When im stuck at backtracking i listen to your explanations without looking at your code and in the middle of the explanation something just clicks and then i go and am able to solve it immediately. Hopefully with time i can start solving without the need of your explanations ^^ Thanks for everything tho
Thanks, Greg! Btw, wanna share the modified version using a string, instead of a list. We can just append each character "(" or ")" to the string in the function parameter. class Solution: def generateParenthesis(self, n: int) -> List[str]: result = [] def rec(n_open, n_close, parenthesis): if len(parenthesis) == (2*n): result.append(parenthesis) return if n_open < n: rec(n_open+1, n_close, parenthesis+"(") if n_close < n_open: rec(n_open, n_close+1, parenthesis+")") rec(n_open=0, n_close=0, parenthesis="") return result
The problem with this approach is that adding characters to a string is in general an O(n) operation but appending to a list is generally O(1). It is therefore much faster to use a list and join at the end.
i dont understand two things: 1. why do we need to pop after we add a parenthesis. if we pop, wouldn't sol be an empty list (and then how an empty list would be used in appending to ans?)? 2. why would this algorithm not stop after getting the first combination "((()))"?

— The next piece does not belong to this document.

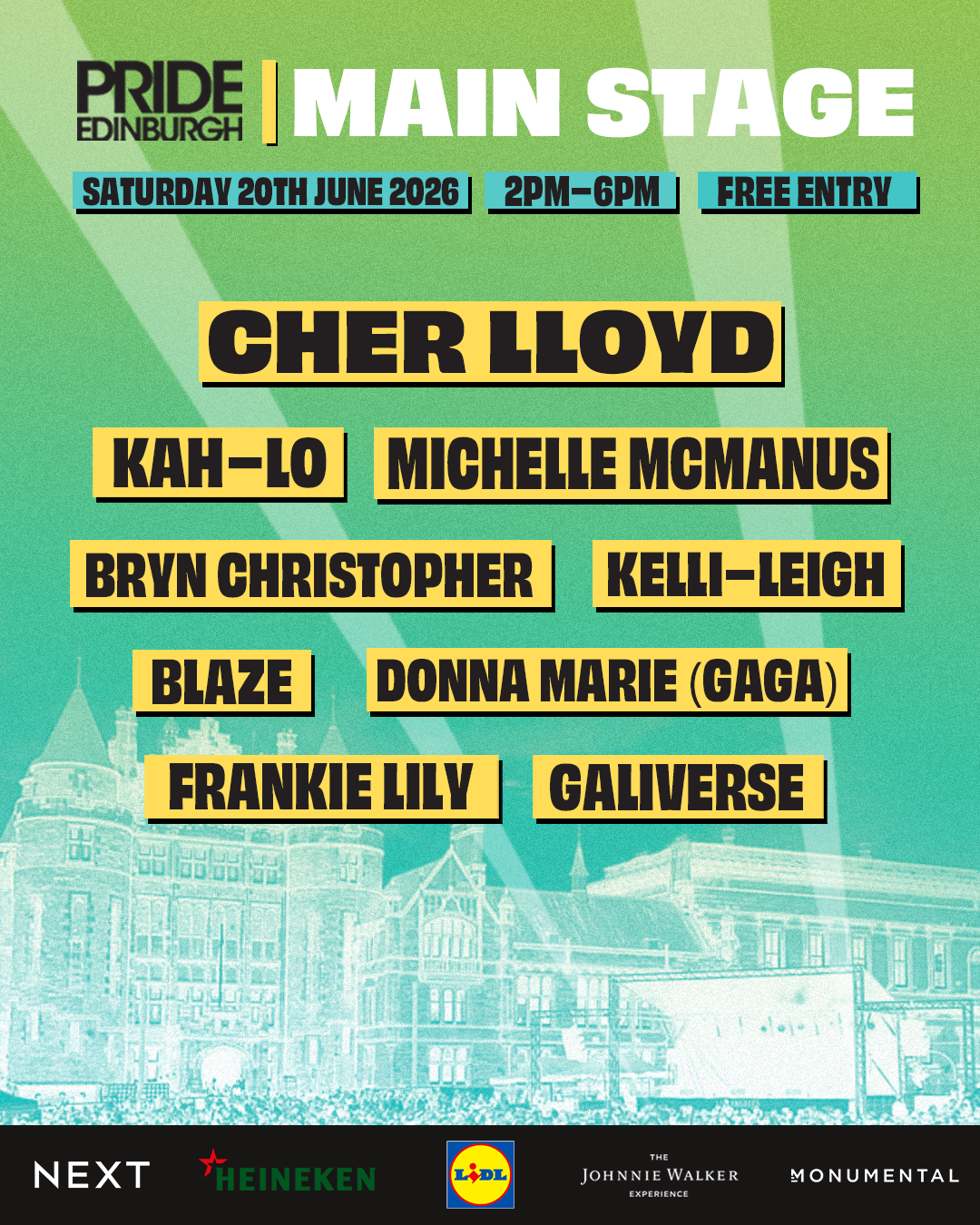 For 2026, Pride Edinburgh is proud to be supported by returning Headline Partner Lidl GB, alongside Heineken, NEXT, and The Johnnie Walker Experience.
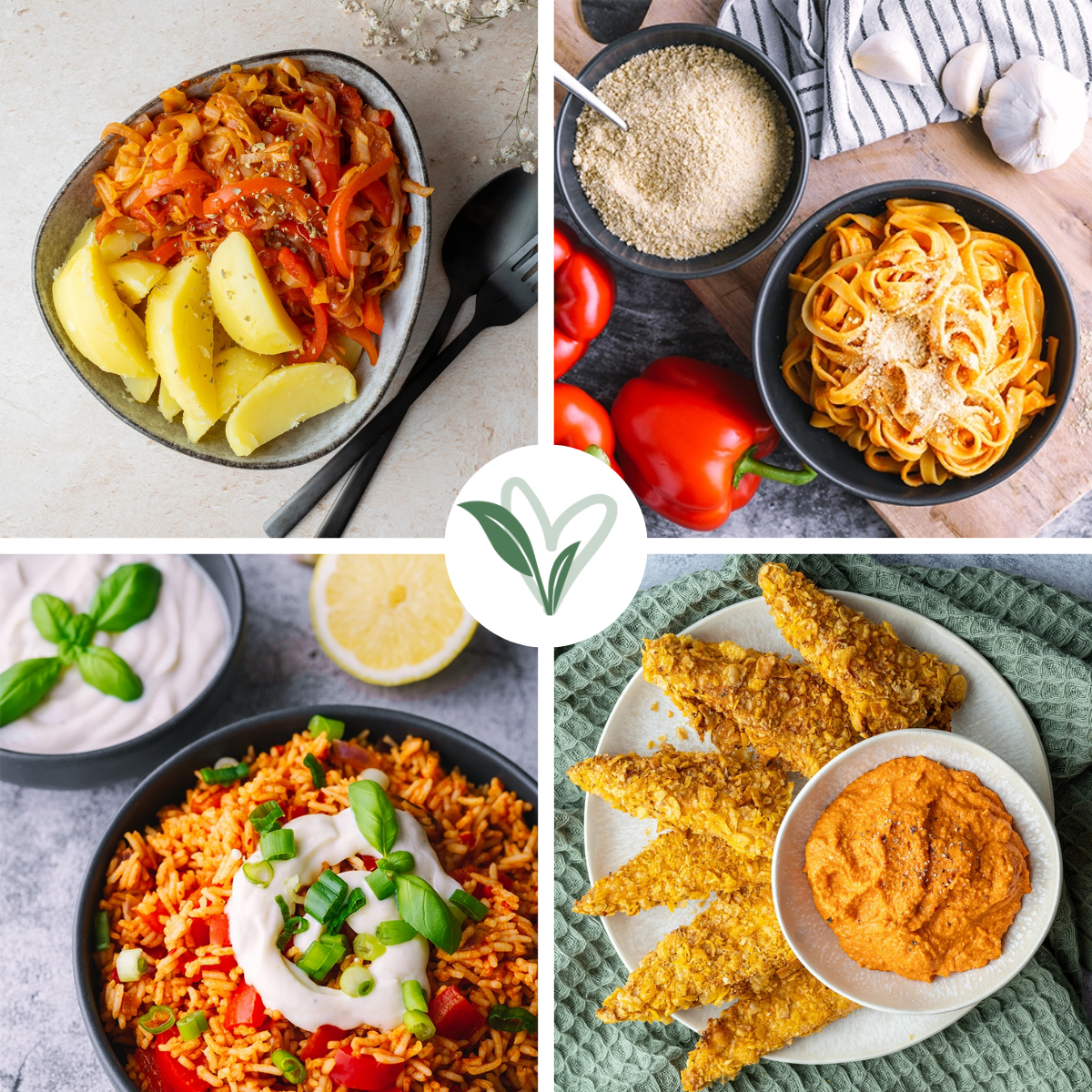 Vegane Paprika-Pasta: Schnell, einfach & lecker! Aus im Ofen gerösteter Paprika, Zwiebeln & Knoblauch entsteht eine fruchtig-leichte Soße.

My advice to you is to use pen and paper and go through the tree it will click in, but the way i like to understand it is to look all the way at the first case you wanna ignore the deeper levels of the tree so if u look at 4:13 initially we are able to add open, so thats the first if statement, and we will add it and call the backtracking function for when u have an open. But when all of that finishes to the left of the root, we need to backtrack up and explore the right branch as if we didnt add a opeing (add closing). Therefore we have the pop at the end of first if. The second pop in the second if statement is if you are in the left tree still at 4:13 and at that call went down the second if statement you see how u add a close parantheses but what happens after this call is u need to back track back up so ur able to explore the right side of the root like we said therefore u need to "clean up".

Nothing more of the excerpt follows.